Sa voix était faible mais déterminée. Il n'attendait pas de refus, et s'était déjà assis à la droite de Draco. L'héritier Malefoy tiqua devant l'affront de son ami, mais prit de sa main libre un plaid qui traînait par terre pour le poser sur les genoux de Théodore. Celui-ci s'en recouvrit et fixa Draco de ses yeux un peu trop brillant. Il avait les joues rouges et semblait essoufflé, malgré le fait qu'il n'ait pas bougé de la journée.
- Tout le monde va et vient dans le château pour une seule raison.
La voix de Draco avait été à peine plus forte qu'un murmure et Théodore avait été obligé de se rapprocher pour pouvoir l'entendre distinctement.
- Le Maître a réussi. Il a enlevé Potter cet après-midi.
Du coin de l'œil, il vit le corps du fils Nott se tendre comme un arc. Oui, lui aussi avait eu cette réaction malgré son état d'esprit actuel. Le Maître avait enfin obtenu ce qu'il convoitait depuis si longtemps. Et cela n'était pas une chose anodine. Le fait qu'il ait enfin capturé Potter allait changer énormément de choses dans le monde sorcier. Il fallait s'y préparer. Quelques minutes passèrent avant que Théodore ne prenne à son tour la parole.
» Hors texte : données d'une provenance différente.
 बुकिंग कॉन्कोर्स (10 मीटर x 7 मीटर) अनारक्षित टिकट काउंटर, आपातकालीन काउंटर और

- Même si ce que tu viens de me dire est un événement de taille, je doute que ce soit cela qui te mette dans l'état où tu te trouves actuellement.
Théodore se rapprocha davantage de Draco sur la canapé, jusqu'à ce que son bras touche celui du jeune homme blond. Il lui prit la main d'une poigne faible, douce, et lui dit :
- Raconte-moi ce qu'il s'est passé Draco.
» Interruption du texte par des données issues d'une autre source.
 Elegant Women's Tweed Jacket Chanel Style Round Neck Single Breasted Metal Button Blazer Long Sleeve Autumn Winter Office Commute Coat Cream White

Les yeux bleu-gris possédaient cette même lueur de folie que ces dernières semaines, mais la détresse déjà présente semblait encore plus forte. Draco tourna la tête vers Théodore et commença à lui dire. À tout lui dire.
~#Flash-back#~
La pièce était déserte. L'unique fenêtre était couverte de givre à l'extérieur et de buée à l'intérieur. Il appuya ses mains sur le lavabo et baissa la tête en avant. Enfin un peu de silence. Il n'entendait que quelques bruits étouffés venant de la Salle d'à côté, mais rien de plus. Mais, si il s'était un peu plus concentré... si il n'avait pas baissé sa garde ne serait-ce qu'un instant. Il aurait peut-être pu remarquer le souffle rauque et bestial provenant d'une des cabines. Et peut-être aurait-il pu sortir de là avant.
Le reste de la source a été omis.